I start to telling myself that I need to accept things redha-ly and stop comparing. Things that I am not use to it I will try to accept or change according to my way. kalau tak boleh tukar physically, change the way you things about it. This work well, saya rasa lebih tenang dan gembira dengan my current life.
I start to let myself free from things that I don't fell good about. Starting from last semester I decided to change my class and give a try to myself to be fully independent. I prefer to be in a class with non-bumiputra's and international student. The risk is there, I know whenever we do something that against from normality, people out there will start to talk. But since I wanna do a changes,why must bother cakap-cakap orang kan. Then I find out when we do things that we like, kita akan lagi bersemangat untuk apa yang mendatang. This is what I feel now. =)

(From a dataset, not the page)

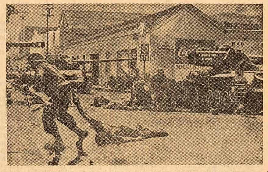
Răscola izbucnită la cea mai mare bază maritimă-militară a Venezuelei — Puerto-Cabello, a fost crunt înăbușată de forțele guvernamentale. Au avut loc lupte grele între răsculații și forțele de represie. În clipă: Aspect al luptelor într-un cartier al orașului Puerto-Cabello.

NAȚIUNILE UNITE 16 (Agerpres). — Într-un interviu acordat corespondentului agenției Associated Press, Joshua Nkomo, președintele Uniunii populare africane Zimbabwe din Rhodesia de sud, a declarat că este de neconceput ca cele trei milioane de africani din această colonie să mai suporte măcar pentru un an dominația celor 450.000 de coloniști albi. Propunerea britanică de menținere a regimului colonial pentru încă 9-12 ani pînă cînd africanii vor fi, chipurile, capabili să se autoguverneze este o absurditate. Dirința noastră de libertate este atât de puternică încît nici o forță nu ne poate sili să rămînem sub jugul colonialiștilor, și colonialiștii știu acest lucru”, a spus Nkomo, exprimîndu-și totodată speranța că Adunarea Generală a O.N.U. va adopta o rezoluție care să recunoască dreptul la independență al poporului african din acest teritoriu.
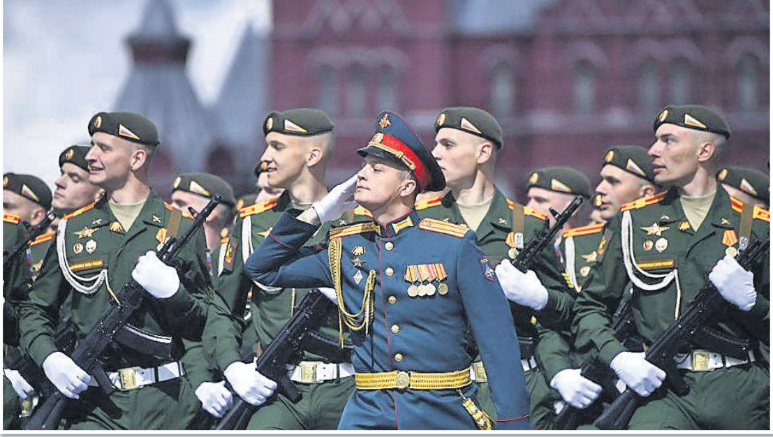
୭୭ତମ ବିଜୟ ଦିବସ ପାଳନ ଅବସରରେ ମସ୍କୋରେ ଅନୁଷ୍ଠିତ ସେନା ପରେଡ଼ରେ ଯୋଗ ଦେଇଥିବା ରୁଷିଆ ମୁକ୍ତ ଟ୍ୟାଙ୍କ ଓ ସୈନ୍ୟମାନେ ।

I start to let myself go one step higher. Previously, I am a passive student. I refuse to join or involve myself with social life. My uni life was dull and boring that time. Hidup saya buku, study, buku , study.Then I realize, market is demanding now days. If I refuse to get out from my own world, I'll gain nothing. So, I started too look around for any opportunity for me to build my soft skill. Alhamdulilah, Allah make my way easy. HE give my lots of opportunity to learn and gain.
But in order to make changes you will go through lots of cabaran. Bear in mind " NO PAIN NO GAIN" ye dakk? Me also tak terkecuali. cabaran saya walaupun tak sehebat mana but still I am proud with myself. Saya mampu bergerak dan bekerja sendiri. owh, I am always forever alone.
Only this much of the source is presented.